***** Source records *****

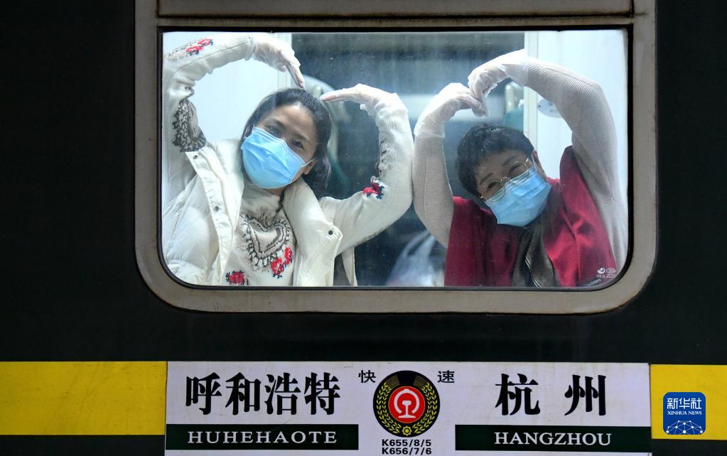10月29日,一名滯留游客離開額濟(jì)納旗時(shí),在列車車廂里用雙手比劃出“愛心”。新華社發(fā)(王磊 攝)
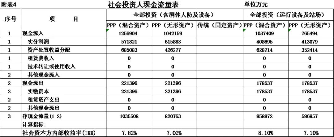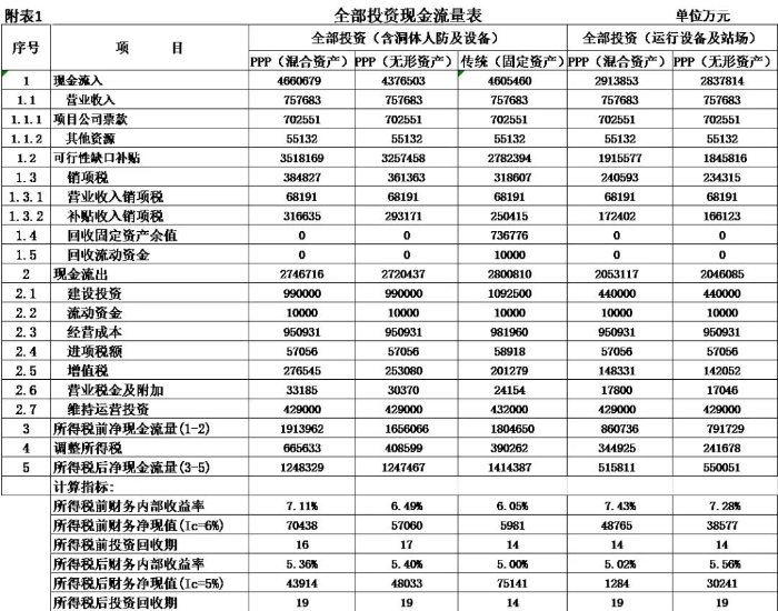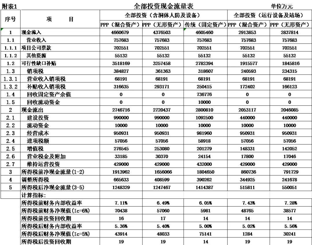 第一組案例是全部投資(含洞體及人防工程投資)條件下的PPP模式,方案Ⅰ為混合資產,方案Ⅱ為無形資產(不再詳述)。
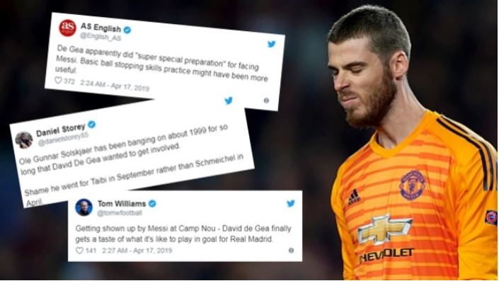 แฟนบอลของทีมอื่นๆ ล้อเลียน ดาบิด เด เคอา ผู้รักษาประตูมือหนึ่งของ แมนเชสเตอร์ ยูไนเต็ด กันอย่างเต็มที่ หลังจากที่เขารับลูกพลาดจนทำให้ทีมเสียประตู ในเกม ยูฟ่า แชมเปี้ยนส์ ลีก รอบก่อนรองชนะเลิศ นัดสอง ที่ต้นสังกัดของเจ้าตัวออกไปแพ้ บาร์เซโลน่า 0-3 ที่สนาม คัมป์ นู เมื่อวันอังคารที่ 16 เมษายน ที่ผ่านมา
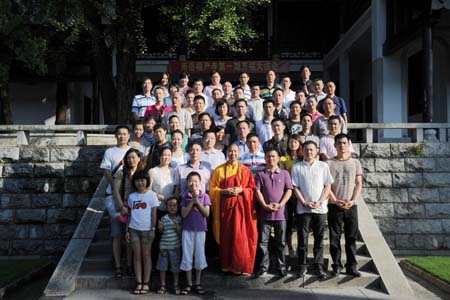 在福严寺方丈楼听大岳法师开示并合影留念后,居室们到大雄宝殿参加了近二个小时的万福大法会。最后,居士们在领取法会纪念品后离去。
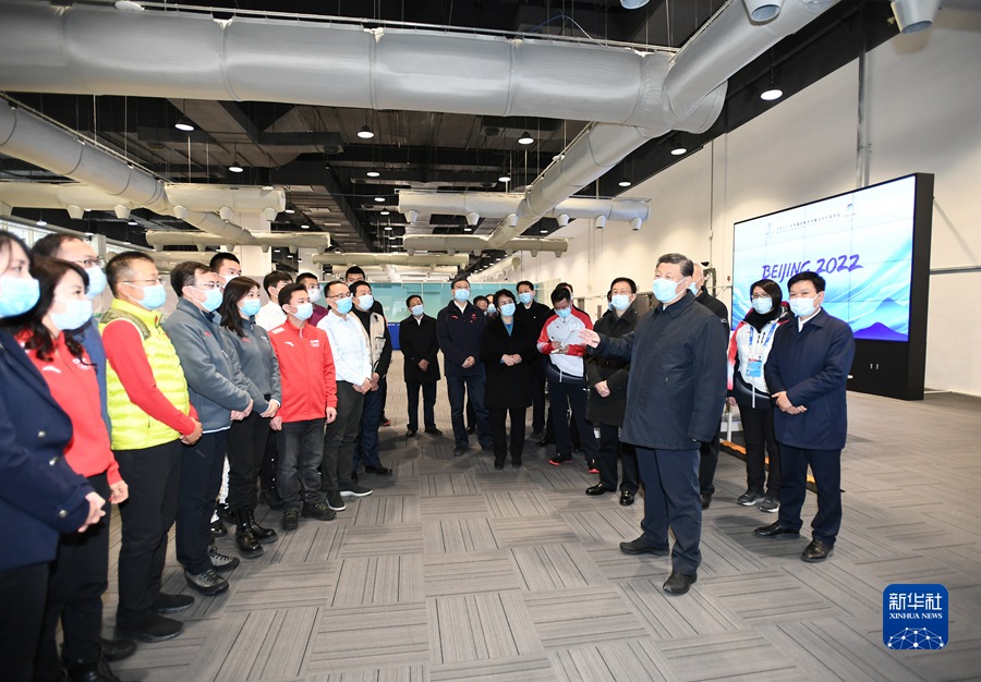 1月4日,中共中央總書記、國家主席、中央軍委主席習(xí)近平在北京考察2022年冬奧會、冬殘奧會籌辦備賽工作。這是4日下午,習(xí)近平在二七廠冰雪項(xiàng)目訓(xùn)練基地速滑館,向參訓(xùn)運(yùn)動員、教練員表示慰問。新華社記者 謝環(huán)馳 攝
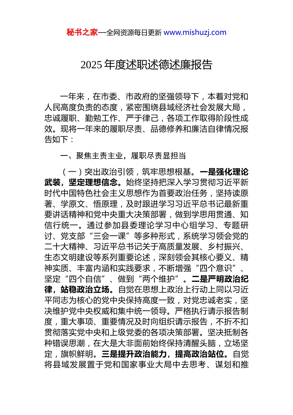 秘书之家—全网资源每日更新 www.mishuzj.com2025 年度述职述德述廉报告一年来,在市委、市政府的坚强领导下,本着对党和人民高度负责的态度,紧密围绕县域经济社会发展大局,忠诚履职、勤勉工作、严于律己,各项工作取得阶段性成效。现将一年来的履职尽责、品德修养和廉洁自律情况报告如下:一、聚焦主责主业,履职尽责显担当(一)突出政治引领,筑牢思想根基。一是强化理论武装,坚定理想信念。始终坚持把深入学习贯彻习近平新时代中国特色社会主义思想作为首要政治任务,坚持读原著、学原文、悟原理,及时跟进学习习近平总书记最新重要讲话精神和党中央重大决策部署,做到学思用贯通、知信行统一。通过参加县委理论学习中心组学习、专题研讨、党支部“三会一课”等多种形式,系统学习领会党的二十大精神、习近平总书记关于高质量发展、乡村振兴、生态文明建设等系列重要论述,深刻领会其核心要义、精神实质、丰富内涵和实践要求,不断增强“四个意识”、坚定“四个自信”、做到“两个维护”。二是严明政治纪律,站稳政治立场。自觉在思想上政治上行动上同以习近平同志为核心的党中央保持高度一致,对党忠诚老实,坚决维护党中央权威和集中统一领导。严格执行请示报告制度,重大事项、重要情况及时向组织请示报告,不折不扣贯彻落实党中央和上级党委的各项决策部署。坚决抵制各种错误思潮,在大是大非面前始终保持清醒头脑,立场坚定,旗帜鲜明。三是提升政治能力,提高政治站位。自觉将县域发展置于党和国家事业大局中去思考、谋划和推秘书之家—全网资源每日更新 www.mishuzj.com动,善于从政治角度看待问题、分析问题、解决问题,不断提高政治判断力、政治领悟力、政治执行力。在具体工作中,注重把讲政治的要求贯穿于经济社会发展的各方面全过程,确保各项工作始终沿着正确的政治方向前进,为县域发展提供坚强政治保证。(二)聚焦发展要务,推动经济提质增效。一是狠抓项目建设,激发经济发展新动能。坚持“项目为王”理念,深度谋划、精准招商,全年累计引进重大产业项目 x个,总投资达 x 亿元,涵盖新能源、高端制造、数字经济等多个领域。聚焦重点项目建设,持续优化营商环境,推行“妈妈式”服务,实行领导包联制度,协调解决项目推进中的难点堵点问题。例如,在 x 新能源产业园建设过程中,针对土地供应、环评手续等瓶颈问题,多次召开专题协调会,推动项目前期工作顺利完成,目前已有多家企业入驻投产,预计年产值可达 x 亿元。二是优化产业结构,构建现代化产业体系。积极引导传统产业转型升级,推动数字技术与实体经济深度融合,培育壮大战略性新兴产业。推进 x传统优势产业改造升级,实施“智改数转”工程,扶持 x 家规上企业完成智能化改造,提升生产效率和产品附加值。同时,大力发展 x、x 等现代农业,推广订单农业、品牌农业,带动农民增收致富。例如,在 x 乡镇,通过发展 x 特色农产品种植与深加工,不仅解决了当地农产品销售难题,还形成了集种植、加工、销售于一体的产业链,带动 x 户农民年均增收 x 元。三是深化改革创新,增强区域发展内生动力。坚定不移全面深化改革,以改革促发展、以创新激活力。深入推进“放管服”改革,精简行政审批事项 x 项,审批效率平均提升 x%,进一步激发市场主体活力。例如,针对企业反映的融资难问题,积极搭建政银企合作平台,推动 x 银行与 x 家中小微企业达成意向贷款 x 亿元。同时,注重科技创新驱动,鼓励企业加大研发投入,推动产学研深秘书之家—全网资源每日更新 www.mishuzj.com度融合,全年新增高新技术企业 x 家,有效提升了县域科技创新能力。(三)心系民生福祉,增进群众获得感。一是加强社会保障,兜牢民生底线。坚持以人民为中心的发展思想,持续加大民生投入,办好人民群众关心的实事好事。全面落实各项社会救助政策,全年发放低保、特困供养、残疾人补贴等各类救助资金 x 万元,惠及 x 人次。加强医疗保障体系建设,县域医保参保率达到 x%,异地就医结算更加便捷高效。优化养老服务供给,新增社区居家养老服务中心 x个,农村互助幸福院 x 个,努力让老年人...

*****

• _Exercise_: Reproduce exactly the lines from the beginning of the material down to the line containing "第一組案例是全部投資(含洞體", both ends included, but not the pictures or anything after.

• _Your response_:
10月29日,一名滯留游客離開額濟(jì)納旗時(shí),在列車車廂里用雙手比劃出“愛心”。新華社發(fā)(王磊 攝)
 第一組案例是全部投資(含洞體及人防工程投資)條件下的PPP模式,方案Ⅰ為混合資產,方案Ⅱ為無形資產(不再詳述)。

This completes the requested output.